Nothing but the pictures is dropped; write out all the remaining data below exactly.

PROVIDED MATERIAL:
--- START ---

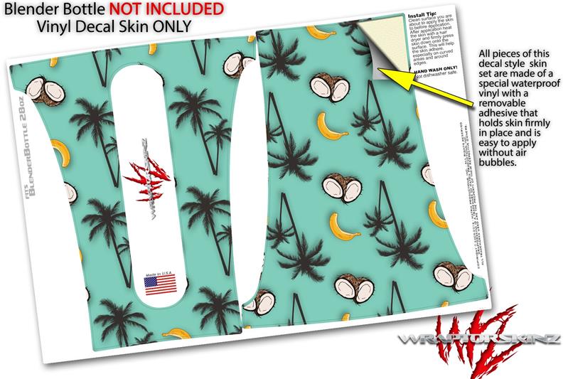 Decal Style Skin Wrap works with Blender Bottle 28oz Coconuts Palm Trees and Bananas Seafoam Green (BOTTLE NOT INCLUDED)
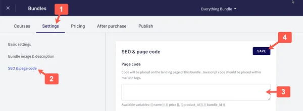 - If you selected a bundle, go to the Settings menu, select SEO & page code, paste the widget code in the Page code input box, and click Save.
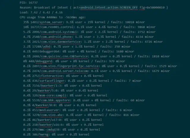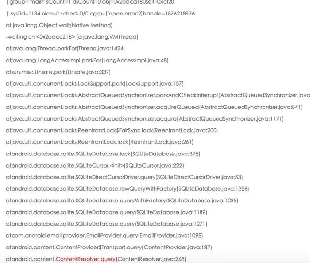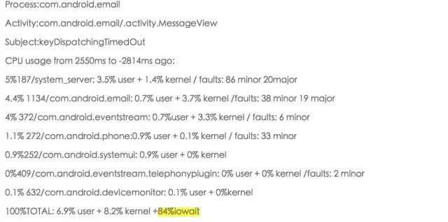 04-01 13:12:11.572** I/InputDispatcher( 220): Application is not responding**:Window{2b263310com.[Android](http://lib.csdn.net/base/android).email/com.android.email.activity.SplitScreenActivitypaused=false}. 5009.8ms since event, 5009.5ms since waitstarted04-0113:12:11.572 I/WindowManager( 220): Input event dispatching timedout sending tocom.android.email/com.android.email.activity.SplitScreenActivity04-01 **13:12:14.123 I/Process( 220): Sending signal. PID: 21404 SIG: 3---****发生**ANR**的时间和生成**trace.txt**的时间**04-01 13:12:14.123 I/dalvikvm(21404):threadid=4: reacting to signal 3 ……04-0113:12:15.872 E/ActivityManager( 220): ANR in com.android.email(com.android.email/.activity.SplitScreenActivity)04-0113:12:15.872 E/ActivityManager( 220): Reason:keyDispatchingTimedOut04-0113:12:15.872 E/ActivityManager( 220): Load: 8.68 / 8.37 / 8.5304-0113:12:15.872 E/ActivityManager( 220): **CPUusage from 4361ms to 699ms ago** ----CPU在ANR发生前的使用情况04-0113:12:15.872 E/ActivityManager( 220): 5.5%21404/com.android.email: 1.3% user + 4.1% kernel / faults: 10 minor04-0113:12:15.872 E/ActivityManager( 220): 4.3%220/system_server: 2.7% user + 1.5% kernel / faults: 11 minor 2 major04-0113:12:15.872 E/ActivityManager( 220): 0.9%52/spi_qsd.0: 0% user + 0.9% kernel04-0113:12:15.872 E/ActivityManager( 220): 0.5%65/irq/170-cyttsp-: 0% user + 0.5% kernel04-0113:12:15.872 E/ActivityManager( 220): 0.5%296/com.android.systemui: 0.5% user + 0% kernel04-0113:12:15.872 E/ActivityManager( 220): **100%TOTAL: 4.8% user + 7.6% kernel + 87% iowait**04-0113:12:15.872 E/ActivityManager( 220): **CPUusage from 3697ms to 4223ms later**:-- ANR后CPU的使用量04-0113:12:15.872 E/ActivityManager( 220): 25%21404/com.android.email: 25% user + 0% kernel / faults: 191 minor04-0113:12:15.872 E/ActivityManager( 220): 16% 21603/__eas(par.hakan: 16% user + 0% kernel04-0113:12:15.872 E/ActivityManager( 220): 7.2% 21406/GC: 7.2% user + 0% kernel04-0113:12:15.872 E/ActivityManager( 220): 1.8% 21409/Compiler: 1.8% user + 0% kernel04-0113:12:15.872 E/ActivityManager( 220): 5.5%220/system_server: 0% user + 5.5% kernel / faults: 1 minor04-0113:12:15.872 E/ActivityManager( 220): 5.5% 263/InputDispatcher: 0% user + 5.5% kernel04-0113:12:15.872 E/ActivityManager( 220): **32%TOTAL: 28% user + 3.7% kernel**
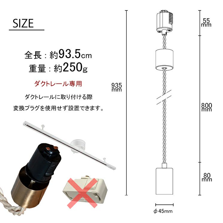 ダクトレール専用のシンプルで使いやすいペンダントライト 複数並べてお好みのLED電球で遊びましょう

--- END ---

TASK SOLUTION:
 Decal Style Skin Wrap works with Blender Bottle 28oz Coconuts Palm Trees and Bananas Seafoam Green (BOTTLE NOT INCLUDED)
 - If you selected a bundle, go to the Settings menu, select SEO & page code, paste the widget code in the Page code input box, and click Save.
 04-01 13:12:11.572** I/InputDispatcher( 220): Application is not responding**:Window{2b263310com.[Android](http://lib.csdn.net/base/android).email/com.android.email.activity.SplitScreenActivitypaused=false}. 5009.8ms since event, 5009.5ms since waitstarted04-0113:12:11.572 I/WindowManager( 220): Input event dispatching timedout sending tocom.android.email/com.android.email.activity.SplitScreenActivity04-01 **13:12:14.123 I/Process( 220): Sending signal. PID: 21404 SIG: 3---****发生**ANR**的时间和生成**trace.txt**的时间**04-01 13:12:14.123 I/dalvikvm(21404):threadid=4: reacting to signal 3 ……04-0113:12:15.872 E/ActivityManager( 220): ANR in com.android.email(com.android.email/.activity.SplitScreenActivity)04-0113:12:15.872 E/ActivityManager( 220): Reason:keyDispatchingTimedOut04-0113:12:15.872 E/ActivityManager( 220): Load: 8.68 / 8.37 / 8.5304-0113:12:15.872 E/ActivityManager( 220): **CPUusage from 4361ms to 699ms ago** ----CPU在ANR发生前的使用情况04-0113:12:15.872 E/ActivityManager( 220): 5.5%21404/com.android.email: 1.3% user + 4.1% kernel / faults: 10 minor04-0113:12:15.872 E/ActivityManager( 220): 4.3%220/system_server: 2.7% user + 1.5% kernel / faults: 11 minor 2 major04-0113:12:15.872 E/ActivityManager( 220): 0.9%52/spi_qsd.0: 0% user + 0.9% kernel04-0113:12:15.872 E/ActivityManager( 220): 0.5%65/irq/170-cyttsp-: 0% user + 0.5% kernel04-0113:12:15.872 E/ActivityManager( 220): 0.5%296/com.android.systemui: 0.5% user + 0% kernel04-0113:12:15.872 E/ActivityManager( 220): **100%TOTAL: 4.8% user + 7.6% kernel + 87% iowait**04-0113:12:15.872 E/ActivityManager( 220): **CPUusage from 3697ms to 4223ms later**:-- ANR后CPU的使用量04-0113:12:15.872 E/ActivityManager( 220): 25%21404/com.android.email: 25% user + 0% kernel / faults: 191 minor04-0113:12:15.872 E/ActivityManager( 220): 16% 21603/__eas(par.hakan: 16% user + 0% kernel04-0113:12:15.872 E/ActivityManager( 220): 7.2% 21406/GC: 7.2% user + 0% kernel04-0113:12:15.872 E/ActivityManager( 220): 1.8% 21409/Compiler: 1.8% user + 0% kernel04-0113:12:15.872 E/ActivityManager( 220): 5.5%220/system_server: 0% user + 5.5% kernel / faults: 1 minor04-0113:12:15.872 E/ActivityManager( 220): 5.5% 263/InputDispatcher: 0% user + 5.5% kernel04-0113:12:15.872 E/ActivityManager( 220): **32%TOTAL: 28% user + 3.7% kernel**
 ダクトレール専用のシンプルで使いやすいペンダントライト 複数並べてお好みのLED電球で遊びましょう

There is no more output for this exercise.